IE flaw gives hackers access

Microsoft warned yesterday that a flaw in its Internet Explorer browser gives attackers access to files stored on a PC under certain conditions, reports the BBC.

"Our investigation so far has shown that if a user is using a version of Internet Explorer that is not running in protected mode, an attacker may be able to access files with an already known file name and location," Microsoft said in a security advisory.

The vulnerability requires that an attacker knows the name of the file they want to access, it said.

A report into the security of Internet banking systems has found that one of the biggest problems is the reuse of log-in passwords on multiple sites, says Computing.co.uk.

Online security firm Trusteer monitored over four million computers for a year, and found that 73% of Internet banking customers used the same password for their online banking services as they did for other, less secure, sites.

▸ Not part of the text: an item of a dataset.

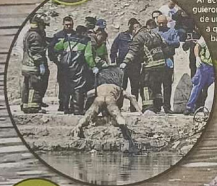
Rescatistas entraron a la laguna en una lancha.

El cadáver salió a flote en el cuerpo de agua.

"Using stolen credentials remains the easiest way for criminals to bypass the security measures implemented by banks to protect their online applications, so we wanted to see how often users repurpose their financial service user names and passwords," says Amit Klein, chief technical officer at Trusteer, and head of the company's research organisation.

After removing Google's Android driver code from the Linux kernel, Novell Fellow and Linux developer Greg Kroah-Hartman has argued that the mobile operating system is incompatible with the project's main tree, writes The Register.

Kroah-Hartman deleted the Android drivers on 11 December - Android code is no more as of version 2.6.33 of the kernel release - and yesterday, with a post to his personal blog, he explained the move in detail.

"No one cared about the code, so it was removed," he wrote. "As I've stated before, code in the staging tree needs to be worked on to be merged to the main kernel tree, or it will be deleted."

The group behind the world's most popular smartphone operating system - Symbian - is giving away "billions of dollars" worth of code for free, states PC World.

The Symbian Foundation's decision to make its code open source means that any organisation or individual can now use and modify it "for any purpose".

Symbian has shipped in more than 330 million mobile phones, the foundation says.